Queste ultime ore, scandite da continui aggiornamenti su attacchi terroristici in Medio Oriente, hanno visto la domenica del 17 gennaio 2016 sprofondare in un vero e proprio bagno di sangue. Da anni non si si arrivava a cifre così drammatiche in sole ventiquattro ore.
L’agenzia del territorio Sana confermerebbe che nella città di Dayr az Zor, nell’est della Siria sia stata compiuta da gruppi jiihadisti dell’Isil una vera e propria serie di esecuzioni, in cui numero dei morti sembra essere salito nelle ultime ore a 300, in maggioranza donne e bambini e non più di 50 combattenti siriani. A darne notizia diretta sembra siano stati i portavoce del gruppo terroristico Islamic State fighters, che sono riusciti a raggiungere la zona di Al-Baghaliyeh. Dirigendosi immediatamente nei territori, l’agenzia siriana Sana ha cercato in queste ore di ottenere più informazioni possibili intervistando anche attivisti esteri che sembra abbiano addirittura assistito alla decapitazione di 150 persone e al rapimento di almeno 400. Dai racconti dei testimoni che sono riusciti a scampare alle esecuzioni appare che i civili siano stati prelevati dalle loro abitazioni puntando l’interesse soprattutto su donne, bambini e anziani.
Il capo dell’ Osservatorio Internazionale Rami Abdel Rahame riferisce di numerosi sequestri nelle abitazioni delle famiglie dei combattenti siriani in aree sotto il pieno controllo dell’organizzazione terroristica. La situazione sembra essere giunta a un punto limite. Dopo questa escalation di violenza e ottenuta un’altra importante fetta del territorio come appoggio alle basi terroristiche ai confini con l’Iraq, l’Isil sembra sia arrivata a controllare il 60% del territorio. L’estrema preoccupazione, condivisa anche dagli osservatori internazionali, è quella della possibile violenza a tappeto che invaderà le zone circostanti. E’ importante ricordare che la rivolta siriana ebbe inizio nel 2011 nei confronti del presidente Bashar al-Assad, trasformandosi in una guerra civile che, secondo le Nazioni Unite, ha causato a oggi 250.000 i morti e 4.3 milioni di profughi.
Nelle stesse ore in cui nella città di Dayr az Zor si scatenava l’inferno, poco lontano, più precisamente nella zona di Raqqa, in base a dati forniti dall’Osservatorio Internazionale ma ancora non pienamente confermati, sembra che la coalizione Usa anti Isil abbia provocato almeno 40 morti, tra cui una decina di bambini.
La Siria è debole e fragile ed è oramai teatro di rappresaglie da parte terrorista e governativa.
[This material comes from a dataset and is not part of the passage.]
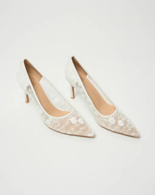 Туфли молочного цвета с воланами-крылышками возле лодыжки. Застежка регулируется пряжкой. Спереди туфели выполнены из прозрачного материала и декорированы кружевом шантильи. Пятка закрыта и покрыта сатиновой тканью.

Lo provano le immagini che in questi giorni girano sui network locali e internazionali sullo stato di debilitazione delle popolazioni, con bambini della zona di Madaya portati allo stremo fisico e senza possibilità di scampo. Secondo una comunicazione ufficiale dei portavoce dell’ Unicef, venerdì 15 gennaio è stato dichiarato morto per denutrizione un ragazzino di 16 anni. Madaya è assediata da mesi e le organizzazioni per i diritti umani hanno lanciato vari allarmi, soprattutto a livello epidemiologico, sulla salute dei bambini. In questi giorni si è riusciti finalmente a introdurre aiuti di prima necessità, ma il giovane era ormai in uno stato di denutrizione irreversibile e non si è potuto far nulla per salvarlo. Quello di Madaya è uno dei tanti esempi dello stato in cui si trovano le città siriane in questo momento; ci sono pochissimi medici e le scorte di vaccinazioni e farmaci sono al collasso. Rappresentanti dell’Unicef e dell’Oms hanno lanciato un appello chiedendo a tutte le parti in conflitto di rispettare i loro obblighi ai sensi del diritto internazionale umanitario per permettere e facilitare l’accesso umanitario immediato e continuo a tutte le zone del paese.